Conversely, if XAU/USD pulls back below $2,400, it could expose the May 13 low at $2,332, followed by the May 8 low at $2,303. Once these levels are broken, the 50-day SMA at $2,284 will be the next target.

The Fed FAQs

The monetary policy of the United States is directed by the Federal Reserve (Fed). The Fed has two mandates: achieving price stability and promoting full employment. Your main tool to achieve these objectives is to adjust interest rates. When prices rise too quickly and inflation exceeds the Federal Reserve's 2% target, it raises interest rates, raising borrowing costs throughout the economy. This translates into a strengthening of the US Dollar (USD), as it makes the United States a more attractive place for international investors to place their money. When inflation falls below 2% or the unemployment rate is too high, the Federal Reserve can lower interest rates to encourage borrowing, which weighs on the greenback.

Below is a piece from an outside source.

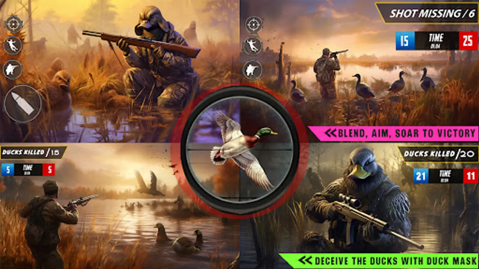 Take guidance from pro shooter in duck hunting training mode to prepare yourself for further challenges. Do not miss the chance to get this birds hunting game with exclusive experience of wild duck shooting games.

The Federal Reserve (Fed) holds eight meetings a year, in which the Federal Open Market Committee (FOMC) evaluates the economic situation and makes monetary policy decisions. The FOMC is made up of twelve Federal Reserve officials: the seven members of the Board of Governors, the president of the Federal Reserve Bank of New York, and four of the eleven presidents of the regional Reserve banks, who serve for one year on a rotating basis.

In extreme situations, the Federal Reserve can resort to a policy called Quantitative Easing (QE). QE is the process by which the Fed substantially increases the flow of credit into a clogged financial system. It is a non-standard policy measure used during crises or when inflation is extremely low. It was the Fed's weapon of choice during the Great Financial Crisis of 2008. It involves the Fed printing more dollars and using them to buy high-quality bonds from financial institutions. QE usually weakens the US dollar.

Quantitative tightening (QT) is the reverse process of QE, whereby the Federal Reserve stops buying bonds from financial institutions and does not reinvest the capital of the maturing bonds it has in its portfolio to buy new bonds. It is usually positive for the value of the US Dollar.